VASP 4.6 refuses to run on more then one host

Posted: Mon Apr 05, 2010 12:34 pm
by karl.vollmer
When running the following on 8 core boxes (Should cause Vasp to span 2 physical compute nodes)

Code: Select all

mpirun -v -np 16 -machinefile $TMPDIR/machines /share/apps/vasp/4.6/vasp > v.out
I always end up with 16 processes on the first node and 0 on the second. Compiled with GFortran.
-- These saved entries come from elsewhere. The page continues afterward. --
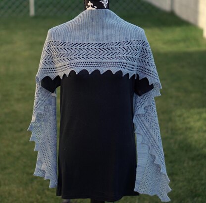 A shallow shawlette/scarf knitted sideways in one piece with written and charted instructions.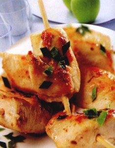 2 thìa cà-phê đường, 1 thìa súp tương ớt, que tre xiên.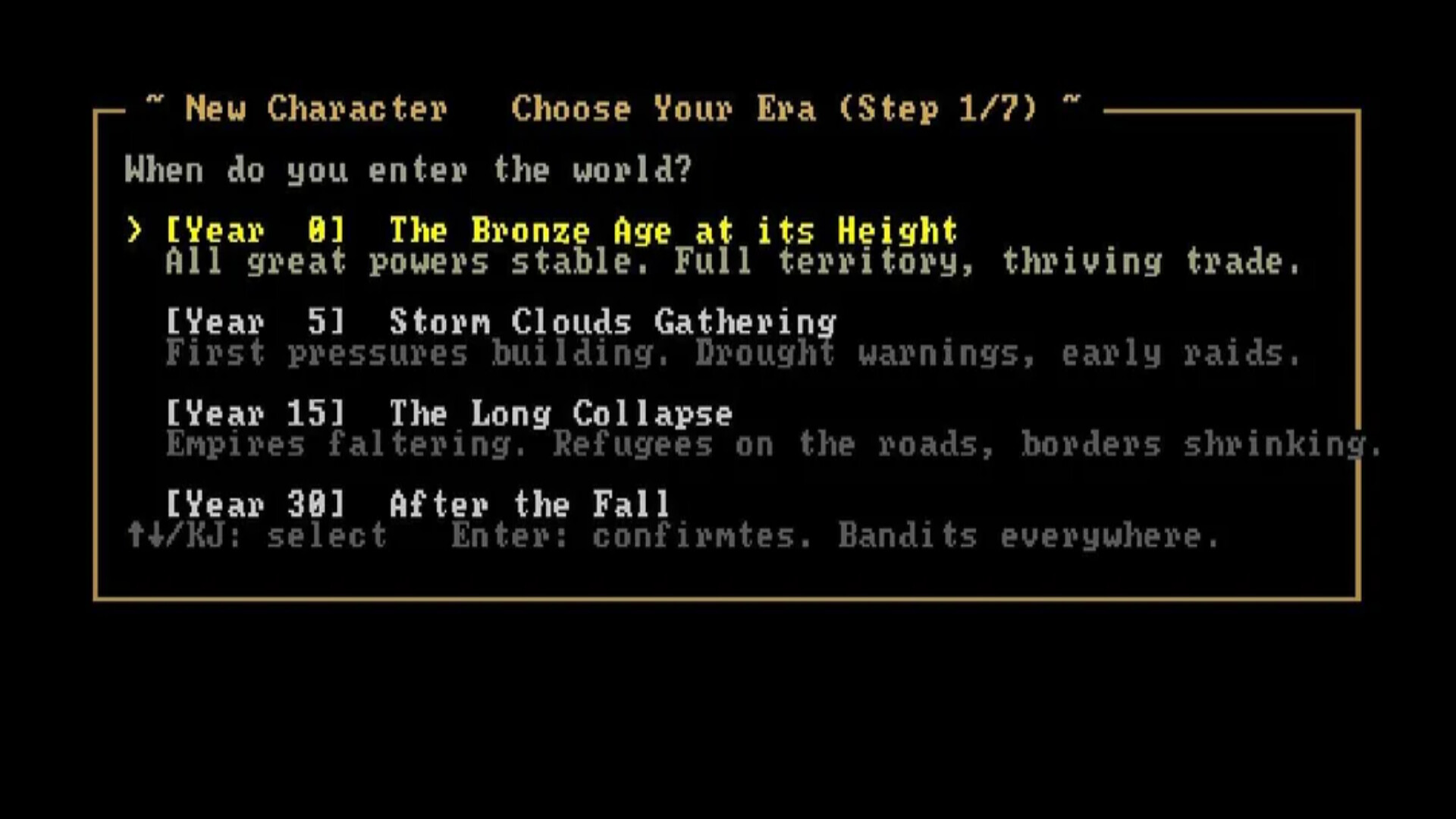 Civilizations are not static backdrops. They manage food supplies, suffer famines, wage wars, form alliances, impose vassalage, and collapse under the weight of their own instability. Rulers are born, age, die, and are succeeded. Bandit bands roam the countryside when states weaken. Sieges unfold across seasons. The world ticks forward whether you engage with it or not.

There are no errors during compliation and the output file appears to correctly indicate that vasp is running in parallel. This fails when running mpirun directly and when using SGE version: GE 6.2u4. MPI on the machine has been verified using the MPIRING and transfering 500Mb between multiple nodes without error.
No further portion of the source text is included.